From the boxplot, we are aware of the presence of outliers. Interquartile range method is used to remove outliers.

systolic = blood_pressures %>%
  select(ap_hi, cardio)%>%
  arrange(desc(ap_hi))

systolic_Q1 = quantile(systolic$ap_hi, .25)
systolic_Q3 = quantile(systolic$ap_hi, .75)
systolic_IQR = IQR(systolic$ap_hi)

systolic_no_outlier = subset(systolic, systolic$ap_hi > 
                               (systolic_Q1 - 1.5*systolic_IQR) & 
                               systolic$ap_hi < 
                               (systolic_Q3 + 1.5*systolic_IQR))

Use the same codes for diastolic BP data cleaning.

Data Wrangling, Munging, and Cleaning

Plotting the data again, systolic BP and dystolic data outliers have been removed.

Hypotheses

Before we hypothesize association between the two kinds of blood pressures and CVDs. We want to first look at systolic BP and diastolic BP data distribution across all ages for the group with CVDs present.

Hypotheses

According to American Heart Assocation, a systolic BP of 130+ mmHg or diastolic BP of 80+ mmHg is considered as high blood pressure. Since the group with CVDs presence show high density at 80 - 150 mmHg on the density plot, we make the following hypotheses on the targeted age group:

\[ H_0: \mu_0 = \mu_1 \newline H_a: \mu_0 < \mu_1 \] Null Hypothesis: there is no difference between the mean systolic BP (or diastolic BP) for CVDs and non-CVDs.

Alternative Hypothesis: the mean systolic BP (or diastolic BP) is higher for CVDs than non-CVDs.

Method

Since we are examining differences in systolic BP (or diastolic BP) between two groups (CVDs vs. non-CVDs), we will use two sample z-test to test our null and alternative hypothesis.

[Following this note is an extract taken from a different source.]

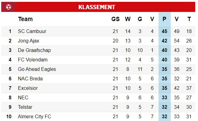 Keuken Kampioen Divisie 2020 2021 Stand Voetbal International

We can use z.test() function from BSDA package to perform the test. We will test at 5% level of significance.

Results - Systolic BP

z.test(systolic_1, systolic_0, alternative='greater', 
       mu=0, sigma.x=systolic_1_sd, sigma.y=systolic_0_sd,conf.level=.95)

## 
##  Two-sample z-Test
## 
## data:  systolic_1 and systolic_0
## z = 6.5588, p-value = 2.713e-11
## alternative hypothesis: true difference in means is greater than 0
## 95 percent confidence interval:
##  2.970174       NA
## sample estimates:
## mean of x mean of y 
##  119.2217  115.2573

Because p-value < 0.05, we REJECT the null hypothesis.

Results - Diastolic BP

z.test(diastolic_1, diastolic_0, alternative='greater', 
       mu=0, sigma.x=diastolic_1_sd, sigma.y=diastolic_0_sd,conf.level=.95)

## 
##  Two-sample z-Test
## 
## data:  diastolic_1 and diastolic_0
## z = 14.353, p-value < 2.2e-16
## alternative hypothesis: true difference in means is greater than 0
## 95 percent confidence interval:
##  5.921546       NA
## sample estimates:
## mean of x mean of y 
##  81.91057  75.22256

Because p-value < 0.05, we REJECT the null hypothesis.

Conclusion

Based on the results from two sample z-test on the dataset of the selected variables, we can conclude that high systolic BP and diastolic BP are CVDs risk factors for the age group of 30 - 40.